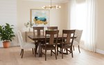 Gather around the heart of your home — the place where hands are held, laughter is shared, and prayers are spoken before every meal. The Amish All-American Dean Modern Trestle Dining Table isn’t just furniture; it’s where memories are made. Picture your family gathered around it for Sunday dinners, kids doing homework while cookies bake in the oven, or friends lingering long after dessert. This table is built for those moments — timeless, sturdy, and full of heart. With its classic trestle base and clean, modern lines, the Dean Dining Table seamlessly combines traditional craftsmanship with contemporary design. Its versatile look fits effortlessly in both cozy farmhouse dining rooms and modern open-concept homes. Every inch is handcrafted by skilled Amish woodworkers who pour decades of tradition and care into every joint and curve, ensuring your table will stand strong for generations to come. You can customize your table to fit your family and your space — choose from several widths and lengths, extending up to 72". Need room for more guests? The Dean Table can expand with up to four 12" leaves, featuring smooth equalizer slides for easy setup when company arrives. Crafted from your choice of premium American hardwoods — Quarter Sawn White Oak, Cherry, Walnut, and more — each table showcases the rich grain and warmth that only genuine solid wood can provide. From quiet weekday breakfasts to festive holiday feasts, this dining table invites everyone to come together, share stories, and give thanks. Built by hand. Built to last and built for life’s moments, big and small. Make your home the gathering place. Order your Amish-made Modern Trestle Dining Table today, and start making memories around your new family heirloom.Discover why American-made furniture is worth the investment.
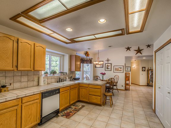 Welcome to country living. Nestled back in the trees on 40 acres this recently updated home is the perfect retreat. New kitchen cabinets, quartz countertops, oversized kitchen island, smart 36 inch gas range and new tile all installed in 2022. All buildings were painted, new carpet and a high impact roof installed in 2020. There is a back up generator with the essential circuits hardwired for house. Skylights offer all day natural lighting. The woodburning stove is a Blaze King and very efficient. The property is fenced and crossed fenced. Meadow area is approximately 5 acres and has a small dirtbike track. There is an automatic stock water tank and lean to. Enjoy the deer and elk as the pass through while sitting on your 12x24 covered deck. Large garden and 2 greenhouses were not planted this year but have produced enough in the past to share at the farmers maret in Elizabeth. There is a round pen and lean to for horses. You will fall in love with the peace and quiet of this home.
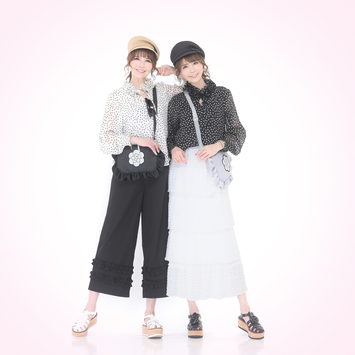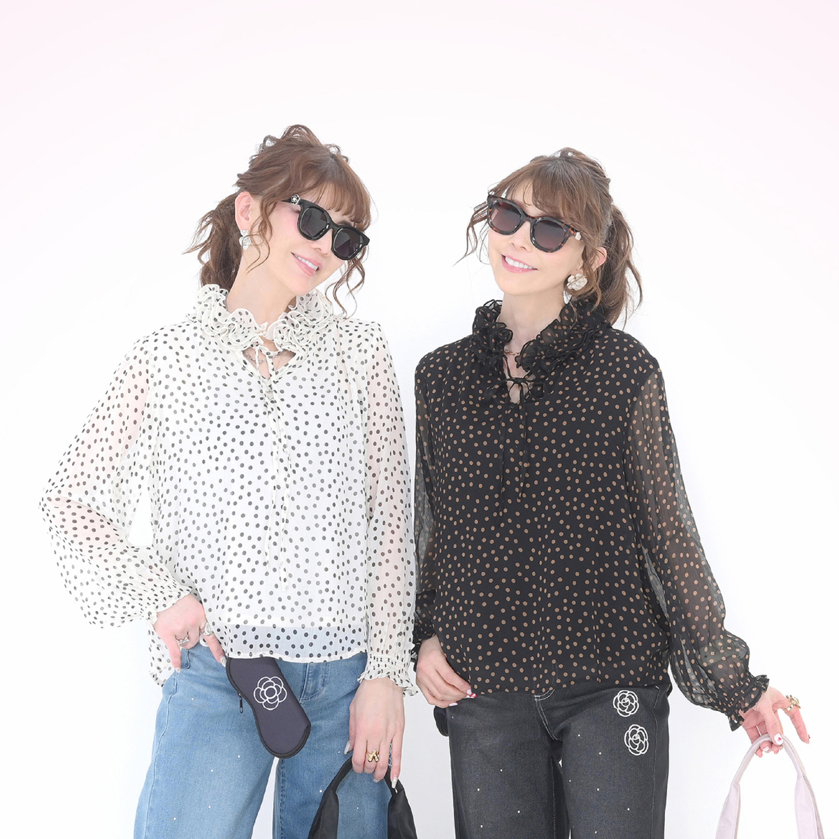 キャメルドットとオフホワイトにブラックドット2枚を購入。もう一つのブラックにホワイトドットは、よくあるパターンなので、今回、この2着にしました。首元がとっても華やかでシワを隠してくれます。ただ、オフホワイトの方はさほど気にならないのですが、キャメルの方は、二の腕部分がうっすらとカタチとなって見えるのが気になりました。腕の太い私には無理かなと思いましたが、中に薄い黒インナーを着てみたところ問題解決!このまま頂きます。
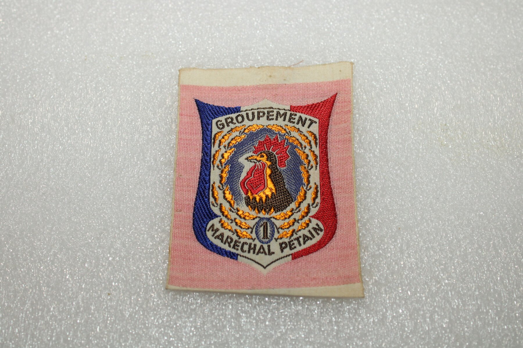Insigne du groupement N°1 groupe N°10 (rose) des chantiers de jeunesses Françaises. Fabrication tissés.
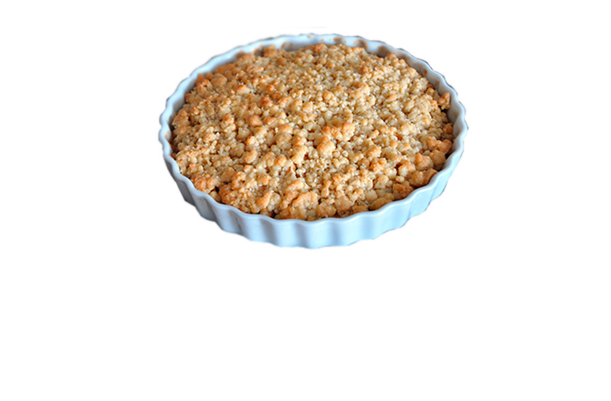 Prendete delle cocotte monoporzione o una teglia di 24 cm di diametro e imburratele. Aggiungete uno strato di mele a pezzetti e poi coprite con le briciole di pasta.

◆ ◆ ◆ ◆ ◆ ◆ ◆

TASK DIRECTIONS: Please restate the whole listing exactly, without any of its pictures.

ANSWER BELOW:
 Gather around the heart of your home — the place where hands are held, laughter is shared, and prayers are spoken before every meal. The Amish All-American Dean Modern Trestle Dining Table isn’t just furniture; it’s where memories are made. Picture your family gathered around it for Sunday dinners, kids doing homework while cookies bake in the oven, or friends lingering long after dessert. This table is built for those moments — timeless, sturdy, and full of heart. With its classic trestle base and clean, modern lines, the Dean Dining Table seamlessly combines traditional craftsmanship with contemporary design. Its versatile look fits effortlessly in both cozy farmhouse dining rooms and modern open-concept homes. Every inch is handcrafted by skilled Amish woodworkers who pour decades of tradition and care into every joint and curve, ensuring your table will stand strong for generations to come. You can customize your table to fit your family and your space — choose from several widths and lengths, extending up to 72". Need room for more guests? The Dean Table can expand with up to four 12" leaves, featuring smooth equalizer slides for easy setup when company arrives. Crafted from your choice of premium American hardwoods — Quarter Sawn White Oak, Cherry, Walnut, and more — each table showcases the rich grain and warmth that only genuine solid wood can provide. From quiet weekday breakfasts to festive holiday feasts, this dining table invites everyone to come together, share stories, and give thanks. Built by hand. Built to last and built for life’s moments, big and small. Make your home the gathering place. Order your Amish-made Modern Trestle Dining Table today, and start making memories around your new family heirloom.Discover why American-made furniture is worth the investment.
 Welcome to country living. Nestled back in the trees on 40 acres this recently updated home is the perfect retreat. New kitchen cabinets, quartz countertops, oversized kitchen island, smart 36 inch gas range and new tile all installed in 2022. All buildings were painted, new carpet and a high impact roof installed in 2020. There is a back up generator with the essential circuits hardwired for house. Skylights offer all day natural lighting. The woodburning stove is a Blaze King and very efficient. The property is fenced and crossed fenced. Meadow area is approximately 5 acres and has a small dirtbike track. There is an automatic stock water tank and lean to. Enjoy the deer and elk as the pass through while sitting on your 12x24 covered deck. Large garden and 2 greenhouses were not planted this year but have produced enough in the past to share at the farmers maret in Elizabeth. There is a round pen and lean to for horses. You will fall in love with the peace and quiet of this home.
 キャメルドットとオフホワイトにブラックドット2枚を購入。もう一つのブラックにホワイトドットは、よくあるパターンなので、今回、この2着にしました。首元がとっても華やかでシワを隠してくれます。ただ、オフホワイトの方はさほど気にならないのですが、キャメルの方は、二の腕部分がうっすらとカタチとなって見えるのが気になりました。腕の太い私には無理かなと思いましたが、中に薄い黒インナーを着てみたところ問題解決!このまま頂きます。
Insigne du groupement N°1 groupe N°10 (rose) des chantiers de jeunesses Françaises. Fabrication tissés.
 Prendete delle cocotte monoporzione o una teglia di 24 cm di diametro e imburratele. Aggiungete uno strato di mele a pezzetti e poi coprite con le briciole di pasta.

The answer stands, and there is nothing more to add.